0
我有我的火花数据框与下面的代码无法写入和应用GROUPBY火花数据帧
scala> val sqlContext = new org.apache.spark.sql.SQLContext(sc)
scala> import sqlContext.implicits._
scala> case class Wiki(project: String, title: String, count: Int, byte_size: String)
scala> val data = sc.textFile("s3n://+++/").map(_.split(" ")).map(p => Wiki(p(0), p(1), p(2).trim.toInt, p(3)))

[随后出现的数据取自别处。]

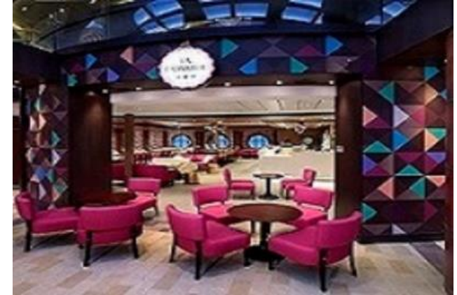
라 파티제리 [4F]

크루즈 안의 광장 프라머네이드에 위치한 카페 프라머네이드에서 하루의 일정을 계획해보세요. 시애틀즈 베스트 커피, 패스트리, 샌드위치, 그 밖의 간식거리들이 하루종일 제공됩니다.

scala> val df = data.toDF()
,并尝试写入输出文件:
scala> df.write.parquet("df.parquet")
或汇总数据与
scala> df.filter("project = 'en'").select("title","count").groupBy("title").sum().collect()
失败,类似错误如下所示:
WARN TaskSetManager: Lost task 855.0 in stage 0.0 (TID 855, ip-172-31-10-195.ap-northeast-1.compute.internal): org.apache.spark.SparkException: Task failed while writing rows.
at org.apache.spark.sql.execution.datasources.DefaultWriterContainer.writeRows(WriterContainer.scala:251)
at org.apache.spark.sql.execution.datasources.InsertIntoHadoopFsRelation$$anonfun$run$1$$anonfun$apply$mcV$sp$3.apply(InsertIntoHadoopFsRelation.scala:150)
at org.apache.spark.sql.execution.datasources.InsertIntoHadoopFsRelation$$anonfun$run$1$$anonfun$apply$mcV$sp$3.apply(InsertIntoHadoopFsRelation.scala:150)
at org.apache.spark.scheduler.ResultTask.runTask(ResultTask.scala:66)
at org.apache.spark.scheduler.Task.run(Task.scala:88)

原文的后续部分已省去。